**Source records:**
----

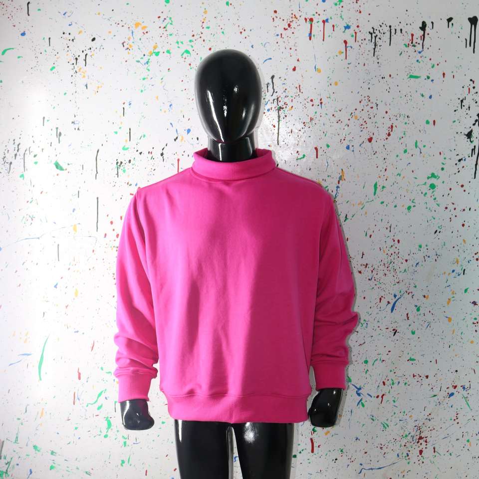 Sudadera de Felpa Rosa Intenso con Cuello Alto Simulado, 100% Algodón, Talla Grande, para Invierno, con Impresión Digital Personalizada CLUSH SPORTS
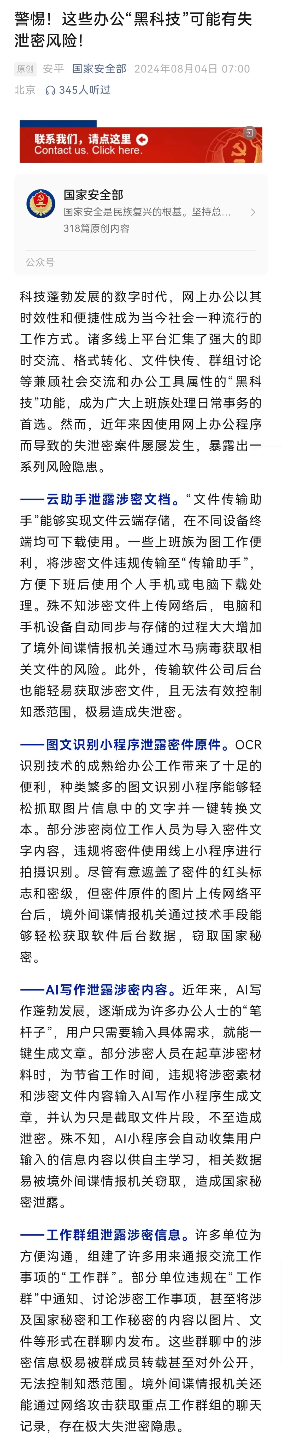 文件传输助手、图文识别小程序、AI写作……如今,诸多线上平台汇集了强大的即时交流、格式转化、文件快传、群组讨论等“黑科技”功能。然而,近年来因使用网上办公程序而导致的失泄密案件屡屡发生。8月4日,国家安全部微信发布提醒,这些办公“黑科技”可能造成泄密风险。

----

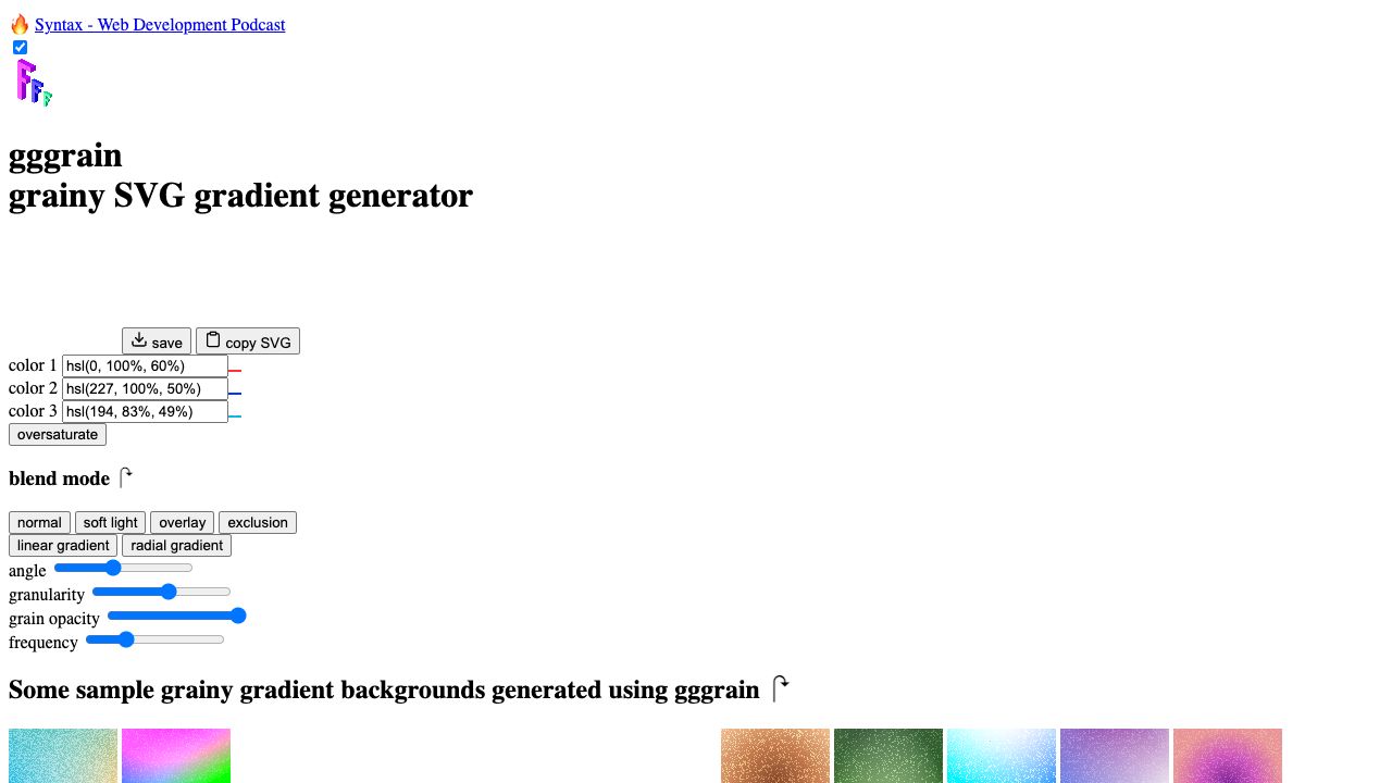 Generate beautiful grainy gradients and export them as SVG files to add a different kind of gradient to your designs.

----

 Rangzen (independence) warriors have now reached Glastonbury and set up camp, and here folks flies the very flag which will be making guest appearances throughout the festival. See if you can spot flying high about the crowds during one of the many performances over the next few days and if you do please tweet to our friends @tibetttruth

----

**Work to complete:**
The answer is the lines of the material above, from the one containing "Sudadera de Felpa" down to the one containing "文件传输助手、图文识别小程序", given exactly and without images.

**Task solution:**
 Sudadera de Felpa Rosa Intenso con Cuello Alto Simulado, 100% Algodón, Talla Grande, para Invierno, con Impresión Digital Personalizada CLUSH SPORTS
 文件传输助手、图文识别小程序、AI写作……如今,诸多线上平台汇集了强大的即时交流、格式转化、文件快传、群组讨论等“黑科技”功能。然而,近年来因使用网上办公程序而导致的失泄密案件屡屡发生。8月4日,国家安全部微信发布提醒,这些办公“黑科技”可能造成泄密风险。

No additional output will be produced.